Exercise brief: Copy from the first line below down to and including the line with "5-panelskepsen Onyx är". Skip the pictures.

Supplied data:
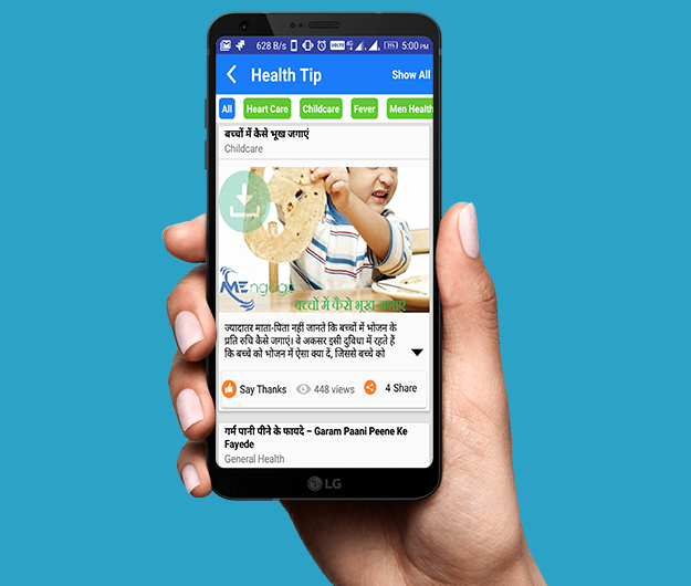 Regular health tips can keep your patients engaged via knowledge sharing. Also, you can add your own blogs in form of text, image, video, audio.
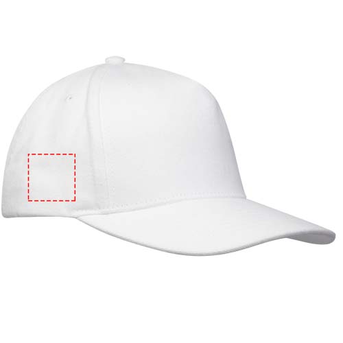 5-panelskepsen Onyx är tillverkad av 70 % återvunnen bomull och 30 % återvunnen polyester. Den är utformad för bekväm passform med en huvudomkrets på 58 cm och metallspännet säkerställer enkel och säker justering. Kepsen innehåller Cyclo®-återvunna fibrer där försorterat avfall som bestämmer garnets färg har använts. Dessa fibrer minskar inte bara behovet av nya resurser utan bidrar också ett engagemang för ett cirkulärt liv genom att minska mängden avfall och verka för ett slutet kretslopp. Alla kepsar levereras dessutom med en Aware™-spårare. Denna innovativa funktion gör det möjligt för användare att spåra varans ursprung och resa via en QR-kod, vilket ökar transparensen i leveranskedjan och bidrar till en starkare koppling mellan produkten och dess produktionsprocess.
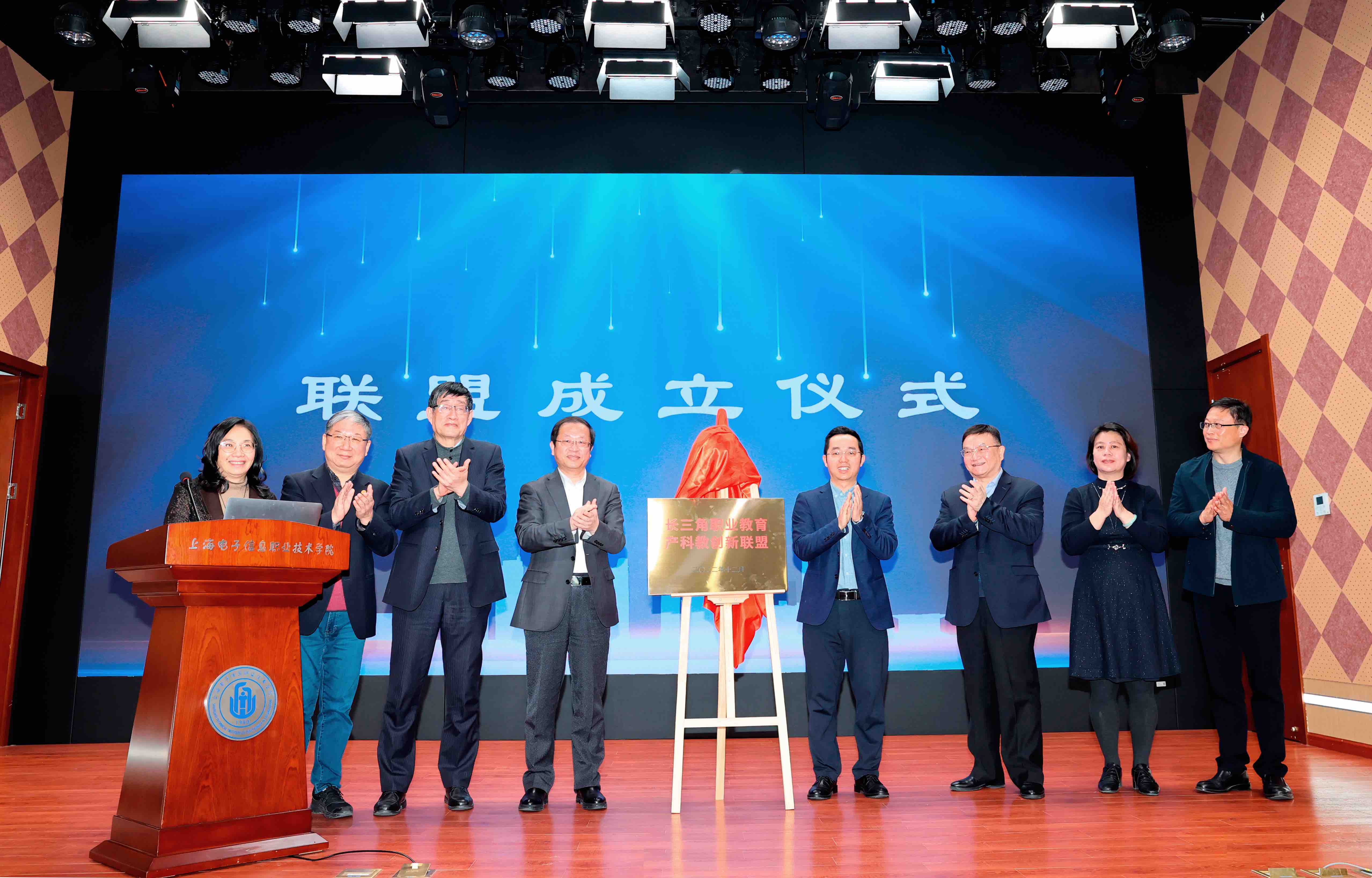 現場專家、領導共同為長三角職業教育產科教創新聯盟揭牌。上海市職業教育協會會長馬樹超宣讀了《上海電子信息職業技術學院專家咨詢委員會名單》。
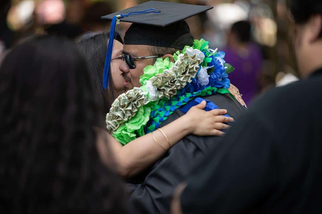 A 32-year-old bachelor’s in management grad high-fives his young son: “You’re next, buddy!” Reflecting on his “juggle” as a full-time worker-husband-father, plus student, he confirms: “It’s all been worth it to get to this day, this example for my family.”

Your solution:
 Regular health tips can keep your patients engaged via knowledge sharing. Also, you can add your own blogs in form of text, image, video, audio.
 5-panelskepsen Onyx är tillverkad av 70 % återvunnen bomull och 30 % återvunnen polyester. Den är utformad för bekväm passform med en huvudomkrets på 58 cm och metallspännet säkerställer enkel och säker justering. Kepsen innehåller Cyclo®-återvunna fibrer där försorterat avfall som bestämmer garnets färg har använts. Dessa fibrer minskar inte bara behovet av nya resurser utan bidrar också ett engagemang för ett cirkulärt liv genom att minska mängden avfall och verka för ett slutet kretslopp. Alla kepsar levereras dessutom med en Aware™-spårare. Denna innovativa funktion gör det möjligt för användare att spåra varans ursprung och resa via en QR-kod, vilket ökar transparensen i leveranskedjan och bidrar till en starkare koppling mellan produkten och dess produktionsprocess.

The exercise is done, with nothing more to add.